Let’s talk about coffee.
You’ve got a coffee machine in your office, right? Probably with different flavored coffees, too. And teas, I bet. You do this because, well, you like a good cup once in a while. But you also do this for your employees. This is not just an office perk — it’s almost a work requirement. If your office is like any typical office, then your people drop their stuff at their desks and head straight for the coffee machine as soon as they arrive in the morning. Later, they’ll stretch their legs and take a break a couple of times a day. They drink coffee to keep them alert…and to socialize. It’s all good. Just about every client I work with has coffee available for their employees.
Unfortunately, offering coffee to your employees isn’t cheap. The days of the single coffee pot and a can of Maxwell House are over. Today it’s that fancy, gourmet stuff. Most of my clients have a coffee service where they rent out the machine and pay a monthly fee for its maintenance and supplies. For some, the cost can run to a couple hundred bucks a month. If this sounds like you, then it’s likely that you’ve thought of possibly — possibly, I say — charging your employees for the use of the coffee, or cutting it out entirely.
I say: Don’t even think it. Why? Because coffee is not just a perk for your employees. It’s also proving to be a big benefit to employers like you — for an entirely different reason.
According to recent studies in the Journal of Psychopharmacology, people who drink even a moderate amount of coffee have been found to be more engaged with their fellow employees.
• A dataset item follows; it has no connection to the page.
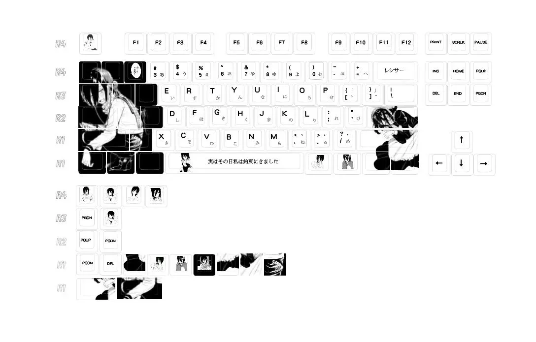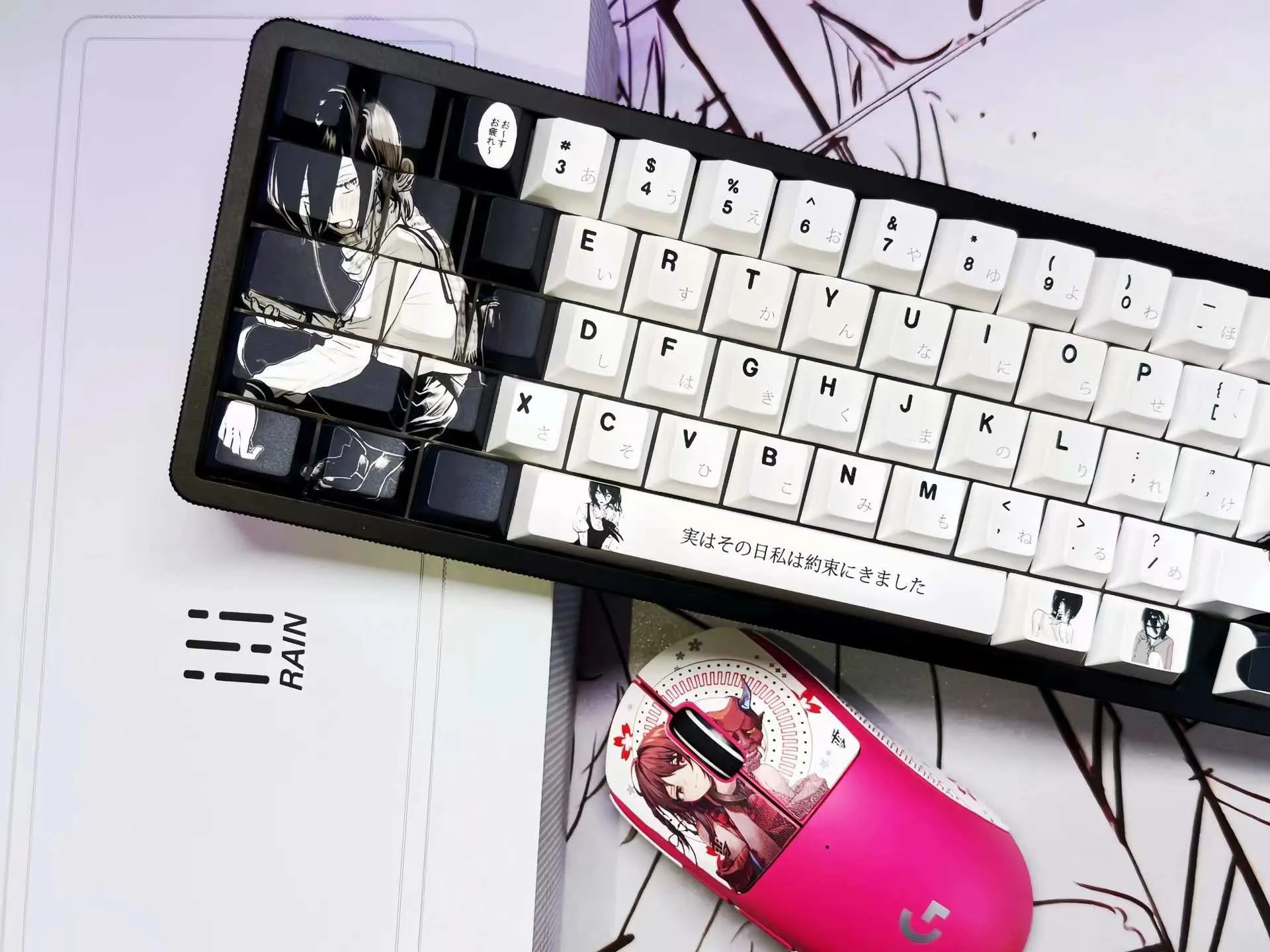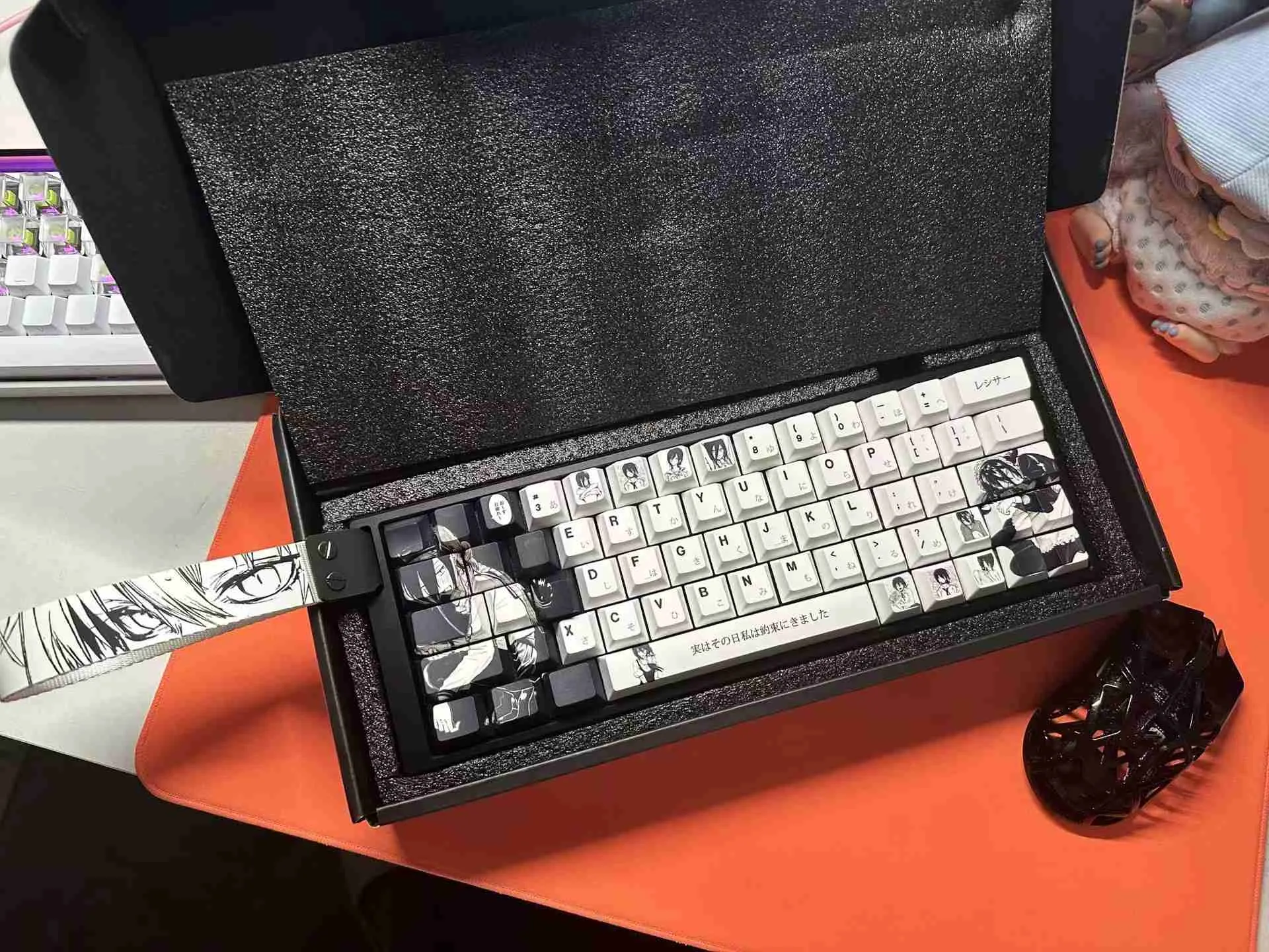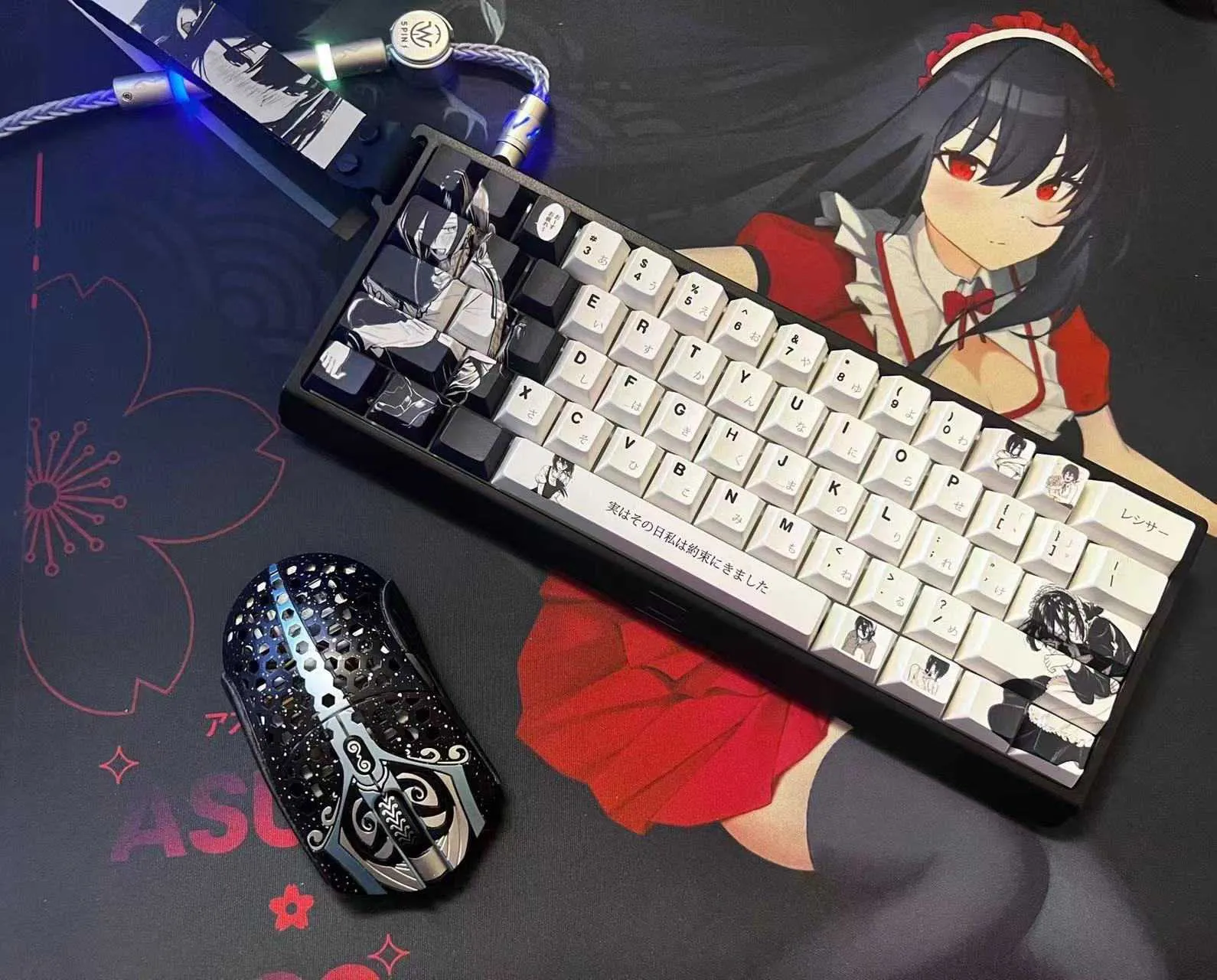 Transform your keyboard with the Chainsaw Man: Black White Reze Cherry Keycap Set! Black keycaps stand out against a sleek white base in this eye-catching set. A prominent Space Key that adds individuality is one of the distinctive character icon designs used in some keycaps. The whole beauty is improved by the exquisite portrayal of one character in a maid costume. These keycaps are made of sturdy PBT which guarantees lifetime without sacrificing their vivid look. Each keycap offers clarity and flair with its clean black lettering. For every enthusiast, the Cherry profile provides a comfortable typing experience. That making this keycap set the ideal combination of style and use!

As reported by Arizona TV station KGUN9, the studies found that “consuming a moderate amount of caffeinated coffee prior to indulging in a group activity enhances an individual’s task-relevant participation in the group activity. In addition, subjective evaluations of the participation of other group members and oneself are also positively influenced. Finally, the positive impact of consuming a moderate amount of caffeinated coffee on the evaluation of participation of other group members and oneself is moderated by a sense of an increased level of alertness.”
Is it the caffeine? The sugar? The fancy hazelnut flavoring? No one knows for sure. Forget the company picnic, the “escape room” expeditions, the outward bound adventures. It seems that the best thing to do to get your people to work better together is just to ply them with more coffee!
While this is good news for the entire coffee industry, it’s also good news for you. A caffeinated workforce appears to be a more productive workforce. So don’t cut out the coffee — and don’t make your employees pay for it, either. That few dollars a month is not only making them happier, but also more profitable for your small business.